Integrating genomic data with agronomically tuned climate metrics allowed the authors to quantify where and how much genetic change is needed for pearl millet to track climate change. The approach addresses limitations of niche models by capturing local adaptation signals embedded in allele frequency–environment relationships. The strongest vulnerabilities occur at the northern margins of cultivation for both early- and late-flowering types, consistent with phenology’s central role in synchronizing reproduction with favorable conditions. The tight association between vulnerability and yield loss in common gardens validates genomic vulnerability as a biologically meaningful predictor of performance under climate shifts. Assisted migration using existing landraces can partially mitigate projected impacts but often requires long-distance, transboundary seed movement, highlighting the need for coordinated regional strategies and policy frameworks in West Africa. Flowering time emerges as a key breeding and selection target to enhance resilience under warming and altered rainfall regimes. The multi-model climate ensemble underscores areas of robust signal versus high uncertainty (notably precipitation over parts of the Sahel), guiding where recommendations are more reliable. Social dimensions, including farmer seed networks and potential resistance to adopting non-local varieties, will influence the feasibility of varietal replacement, suggesting participatory breeding and regional collaboration as critical enablers.

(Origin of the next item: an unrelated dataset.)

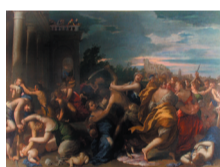
Ippolito Scarsella Le Massacre des Innocents, vers 1600/10 Huile sur toile IP 483

Les écoles de peinture sont très importantes en Italie, chacune travaille sur des concepts et des idées différents. « La poesia vénitienne s'oppose dès le début à la storia florentine » par exemple (deux des écoles les plus fréquentées).

This study develops and validates a genomic–climate framework to map pearl millet’s vulnerability to future climates in West Africa and to propose assisted migration strategies leveraging existing landrace diversity. Key contributions include: identifying the northern cultivation margins as hotspots of genomic vulnerability; demonstrating flowering time as a pivotal adaptive trait underpinning vulnerability; empirically linking genomic vulnerability to yield loss; and quantifying that effective mitigation will often require long-distance, transboundary seed transfers. The findings call for regional collaboration across West Africa to coordinate seed exchange, germplasm conservation, and deployment, and for integrating farmer participation to ensure adoption. Future research should refine trait-based genomic predictions (e.g., multi-trait adaptation), incorporate socio-economic constraints and seed system dynamics into migration planning, extend analyses to additional crops and regions, and update vulnerability maps with higher-resolution, next-generation climate projections and on-farm performance data.

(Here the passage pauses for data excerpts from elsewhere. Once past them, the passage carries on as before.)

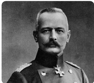
Erich von Falkenhayn

④ Wie sollte der Feind nach Ansicht von Generalstabschef Falkenhayn besiegt werden?
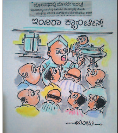
ನಿಮ್ಮ ನಿರೀಕ್ಷೆ ತಪ್ಪು...! ಮೈಸೂರ್‌ಪಾಕನ್ನಲ್ಲಿ ಮೈಸೂರು ಇರುತ್ತೇನಪ್ಪ!
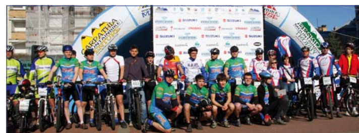
Goślinianie startujący w VI Powerade Suzuki MTB Marathonie.
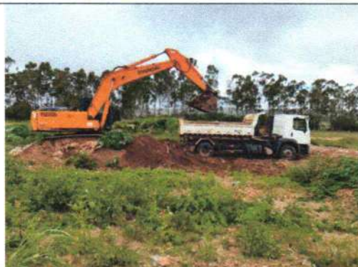
Foto 5 – Carga e transporte de solo para cobertura dos resíduos sólidos

- Climate projection uncertainty: High inter-model variability in precipitation projections for parts of the Sahel translates into uncertain vulnerability estimates locally (e.g., Niger under RCP8.5). - Analog gaps: High migration loads in some cases indicate future climates without close current analogs in cultivated areas, limiting adaptation via present-day landraces alone. - Genomic scope: Pool-seq of genic regions may miss regulatory or structural variants contributing to adaptation; only SNPs with MAF >10% were modeled in GF. - Environmental scope: Climate metrics focused on monsoon-aligned windows; non-climatic stresses (soils, pests, management) and extreme event dynamics beyond metrics used may affect adaptation. - Adoption and seed systems: Social, cultural, and logistical barriers to transboundary seed movement and farmer adoption are not modeled but are critical to implementation. - External validity: Yield validation used a single common garden site; broader multi-site trials would strengthen transferability of the vulnerability–yield relationship.